──────── Material for this exercise ────────

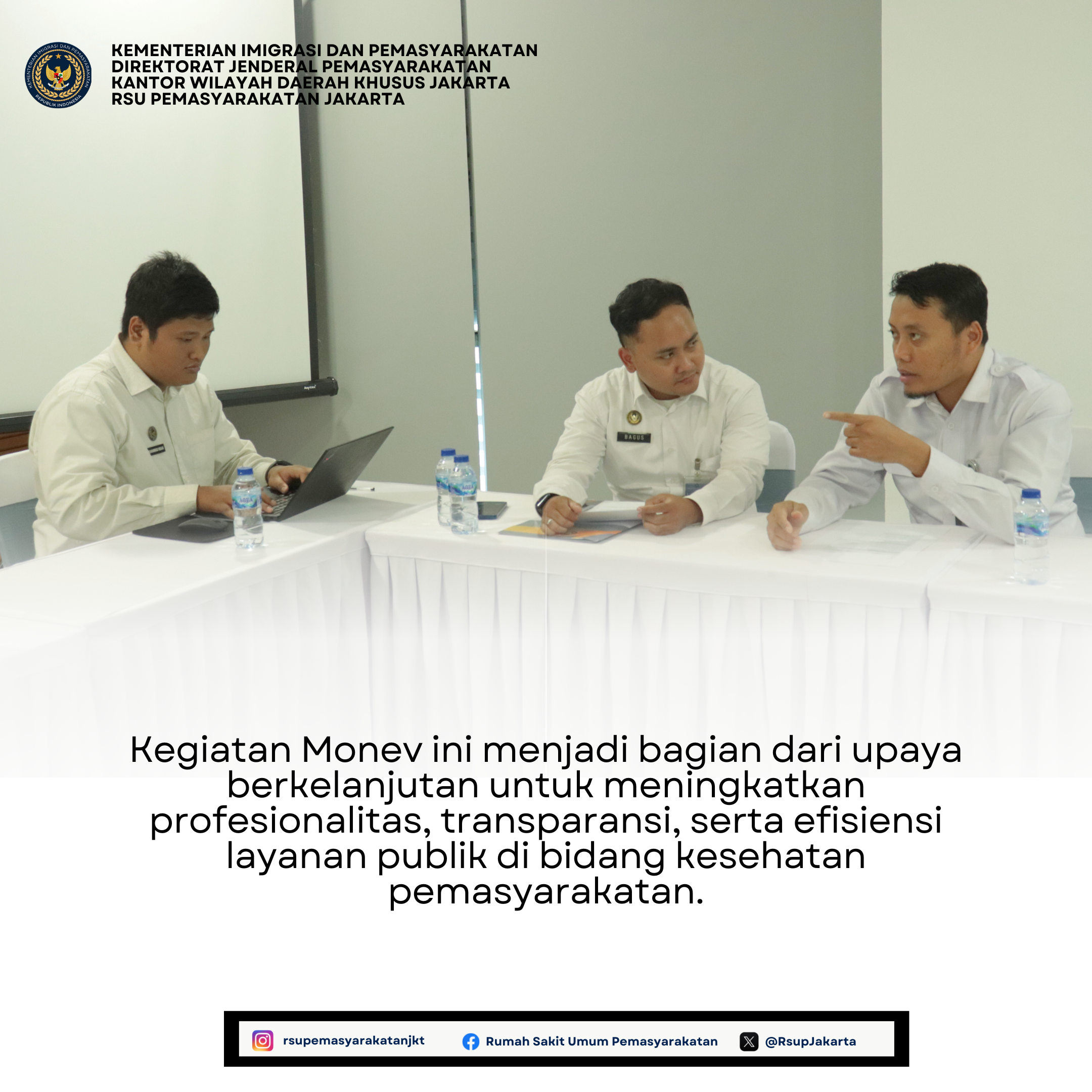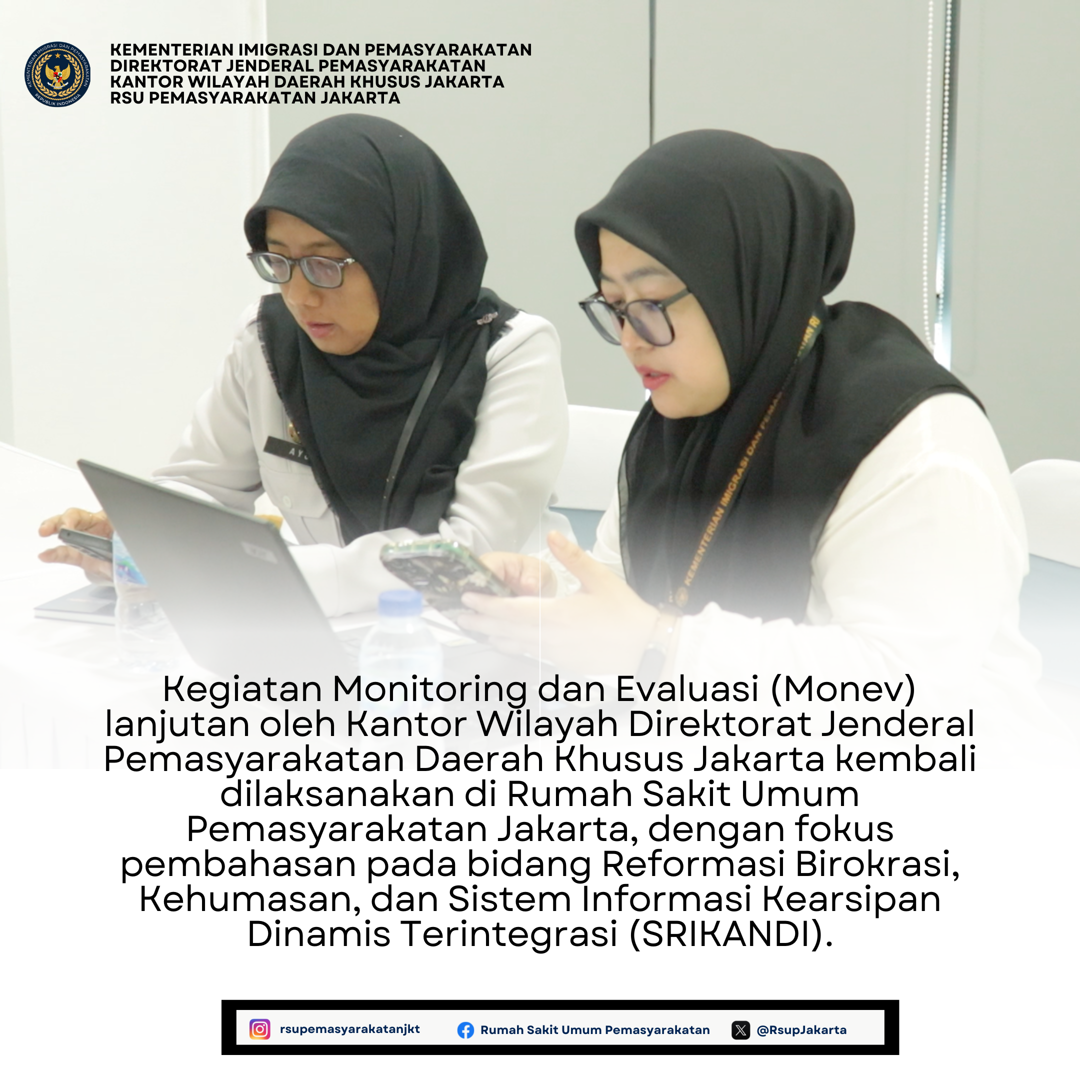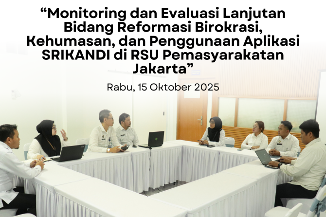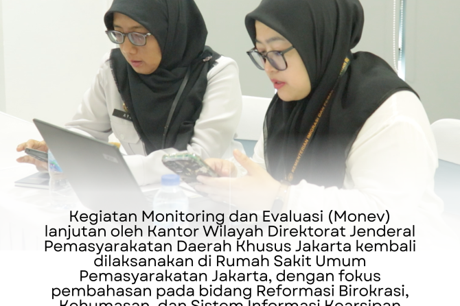 Kegiatan Monitoring dan Evaluasi (Monev) lanjutan oleh Kantor Wilayah Direktorat Jenderal Pemasyarakatan Daerah Khusus Jakarta kembali dilaksanakan di Rumah Sakit Umum Pemasyarakatan Jakarta, dengan fokus pembahasan pada bidang Reformasi Birokrasi, Kehumasan, dan Sistem Informasi Kearsipan Dinamis Terintegrasi (SRIKANDI).
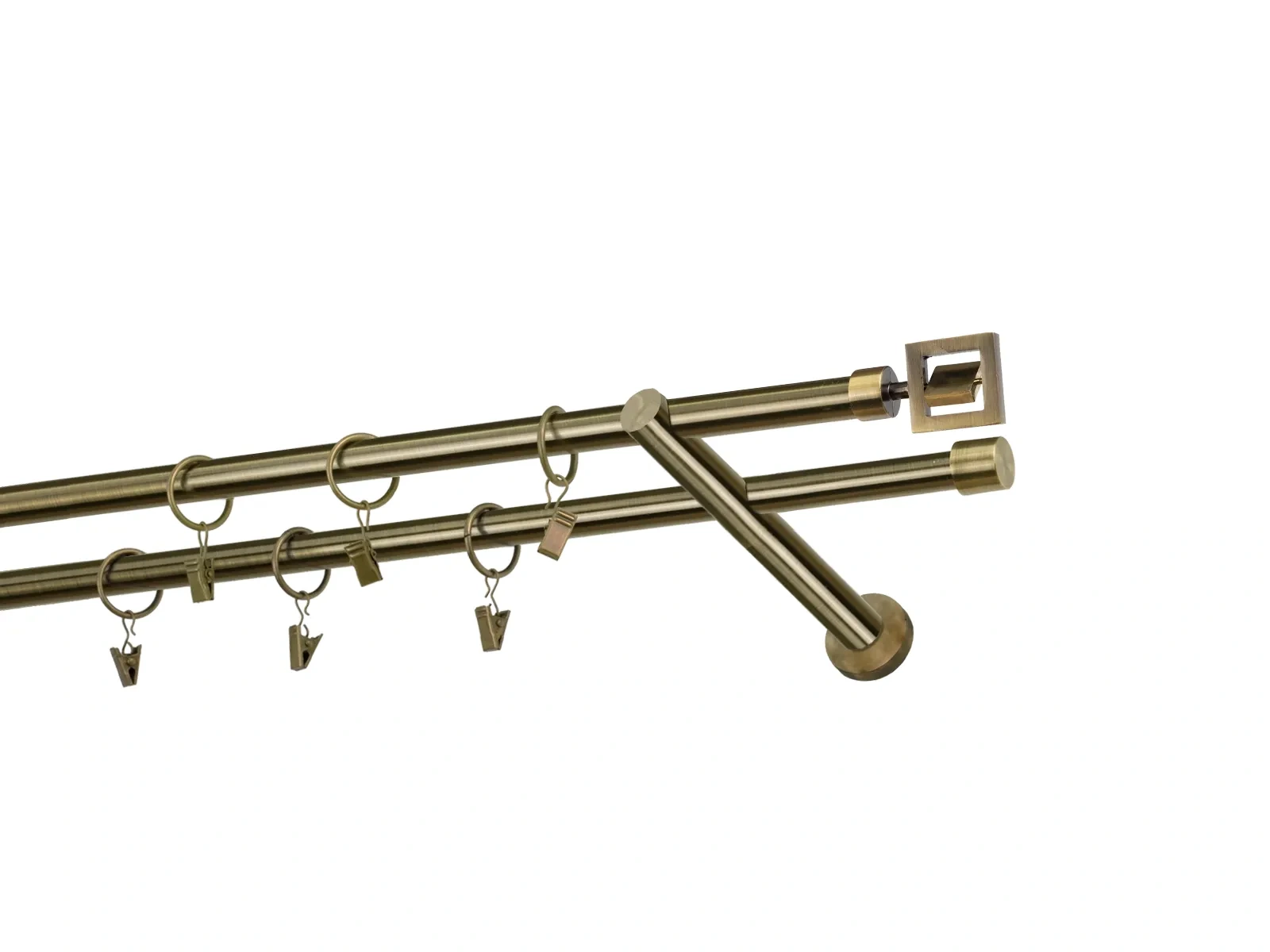Dvojradová garniža s povrchovou úpravou - odtieň antik (matné zlato). Celokovové garniže s kvalitnou povrchovou úpravou - galvanické pokovovanie. Galvanické pokovovanie zabezpečuje vyššiu povrchovú tvrdosť, zvýšenú dolnosť voči poškriabaniu, hladký povrch. Dodávané sú v kompletoch.
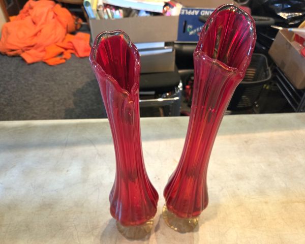 47 Antiques & Collectibles Amberina vases 1 $350 $140 50% Value highly dependent on condition, size, maker, and pattern. Common pieces: $75-200 each. Rare forms or signed pieces (Libbey, NEGC): $300-800+. Assuming 2 average quality vases without damage. Victorian-era pieces command premium. Reproductions exist (Fenton, LG Wright) worth $30-75. Need to verify authenticity and check for pontil marks, quality of color gradation.
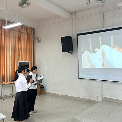 在微党课大赛方面,谭斯韵老师对各参赛队伍的表现表示肯定。同时,谭斯韵老师建议大家精心设计党课,避免单一讲述。其中可加入视频突出主题和PPT制作时设置重点字等,让党课内容更清晰、生动。在红色配音大赛点评中,谭斯韵老师称各队伍感情充沛、发音有力、眼神坚定、台风好且熟悉内容,这都是多次锻炼的结果。在党员工作方面,谭斯韵老师认可大家的悉心准备,从未放松流程把控,能灵活应对问题,并鼓励大家思考如何提升未来活动质量。最后,谭斯韵老师希望大家将每次活动视为锻炼契机,而非负担,从中激励大家不断成长。
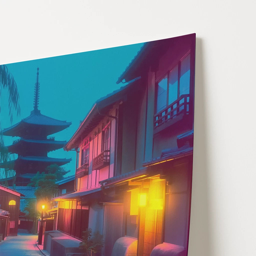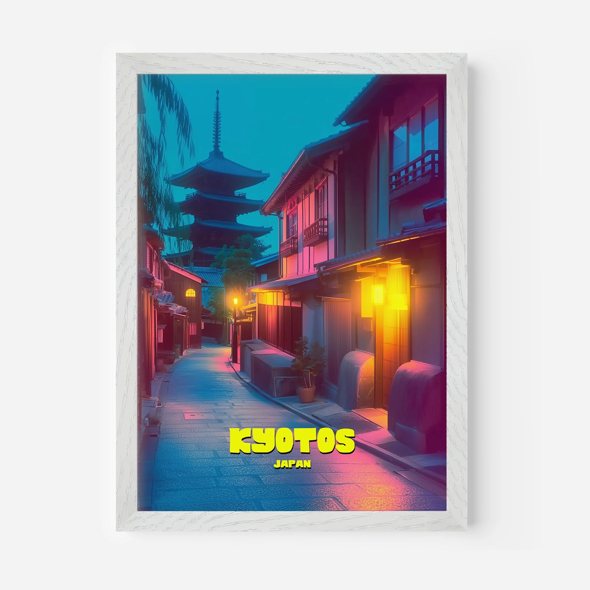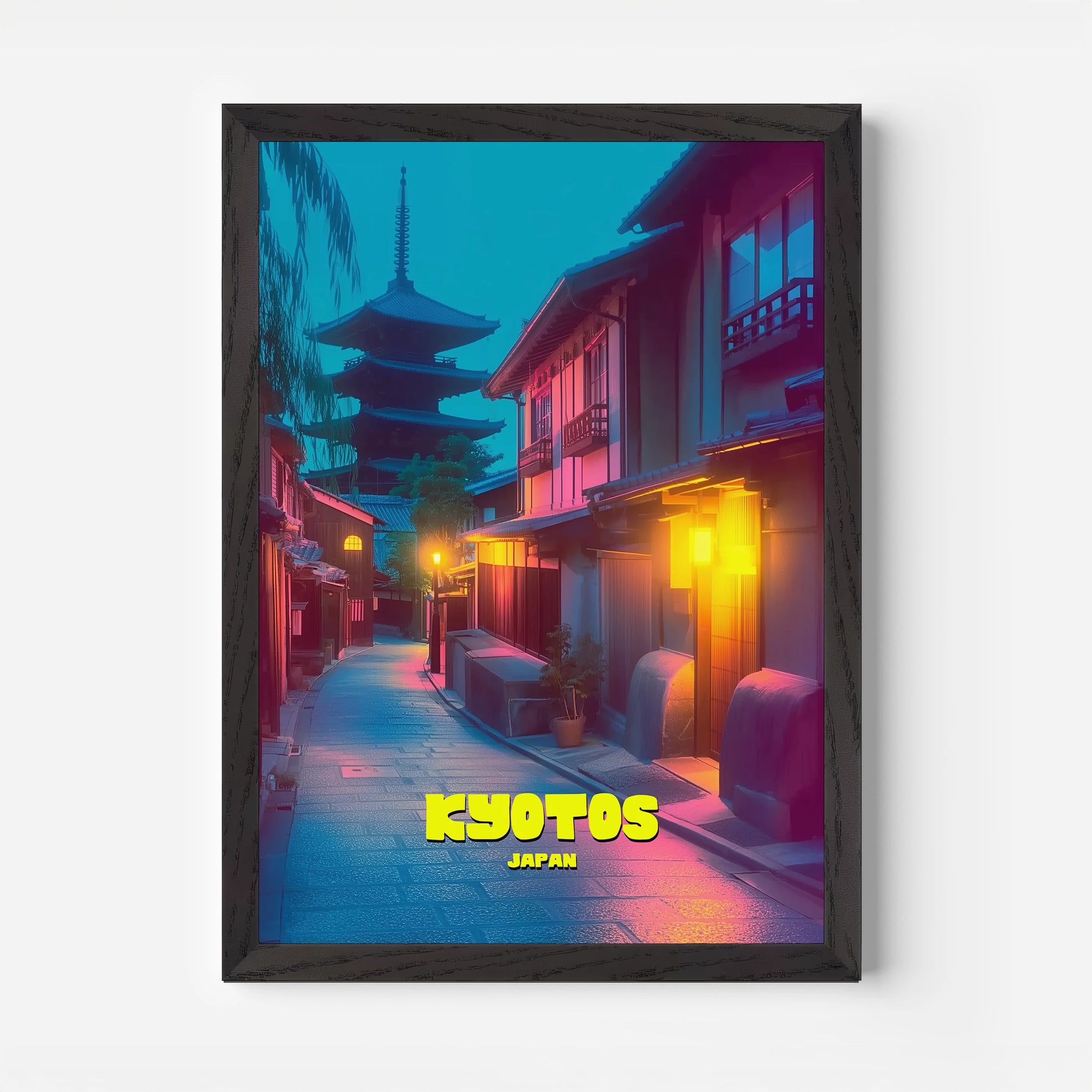 Step back in time with this atmospheric Kyoto travel poster. Depicting a peaceful machiya street lit by warm yellow lanterns, the scene glows against cool blue and purple tones, with a temple pagoda rising in the background. The neon-inspired palette brings a modern twist to a traditional setting. Ideal for travel enthusiasts and lovers of Japanese culture. A timeless piece printed with outstanding clarity and colour vibrancy.
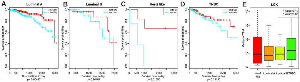 We then divided the patients of each breast cancer subtype into two groups based on the median LCK metagene level, and assessed the prognostic differences between patients with high and low LCK metagene levels (Figure 3A–3D). The prognosis of the high expression group was better than that of the low expression group in all four subtypes. We also observed significant differences in LCK metagene expression among the four subtypes (Figure 3E). The median LCK metagene score was significantly higher in the TNBC group than in the other groups, suggesting that LCK metagene expression can be used as a prognostic marker in breast cancer.

────────

__Your objective__: Each record should be copied exactly, and each image left out.

__Expected answer__:
 Kegiatan Monitoring dan Evaluasi (Monev) lanjutan oleh Kantor Wilayah Direktorat Jenderal Pemasyarakatan Daerah Khusus Jakarta kembali dilaksanakan di Rumah Sakit Umum Pemasyarakatan Jakarta, dengan fokus pembahasan pada bidang Reformasi Birokrasi, Kehumasan, dan Sistem Informasi Kearsipan Dinamis Terintegrasi (SRIKANDI).
Dvojradová garniža s povrchovou úpravou - odtieň antik (matné zlato). Celokovové garniže s kvalitnou povrchovou úpravou - galvanické pokovovanie. Galvanické pokovovanie zabezpečuje vyššiu povrchovú tvrdosť, zvýšenú dolnosť voči poškriabaniu, hladký povrch. Dodávané sú v kompletoch.
 47 Antiques & Collectibles Amberina vases 1 $350 $140 50% Value highly dependent on condition, size, maker, and pattern. Common pieces: $75-200 each. Rare forms or signed pieces (Libbey, NEGC): $300-800+. Assuming 2 average quality vases without damage. Victorian-era pieces command premium. Reproductions exist (Fenton, LG Wright) worth $30-75. Need to verify authenticity and check for pontil marks, quality of color gradation.
 在微党课大赛方面,谭斯韵老师对各参赛队伍的表现表示肯定。同时,谭斯韵老师建议大家精心设计党课,避免单一讲述。其中可加入视频突出主题和PPT制作时设置重点字等,让党课内容更清晰、生动。在红色配音大赛点评中,谭斯韵老师称各队伍感情充沛、发音有力、眼神坚定、台风好且熟悉内容,这都是多次锻炼的结果。在党员工作方面,谭斯韵老师认可大家的悉心准备,从未放松流程把控,能灵活应对问题,并鼓励大家思考如何提升未来活动质量。最后,谭斯韵老师希望大家将每次活动视为锻炼契机,而非负担,从中激励大家不断成长。
 Step back in time with this atmospheric Kyoto travel poster. Depicting a peaceful machiya street lit by warm yellow lanterns, the scene glows against cool blue and purple tones, with a temple pagoda rising in the background. The neon-inspired palette brings a modern twist to a traditional setting. Ideal for travel enthusiasts and lovers of Japanese culture. A timeless piece printed with outstanding clarity and colour vibrancy.
 We then divided the patients of each breast cancer subtype into two groups based on the median LCK metagene level, and assessed the prognostic differences between patients with high and low LCK metagene levels (Figure 3A–3D). The prognosis of the high expression group was better than that of the low expression group in all four subtypes. We also observed significant differences in LCK metagene expression among the four subtypes (Figure 3E). The median LCK metagene score was significantly higher in the TNBC group than in the other groups, suggesting that LCK metagene expression can be used as a prognostic marker in breast cancer.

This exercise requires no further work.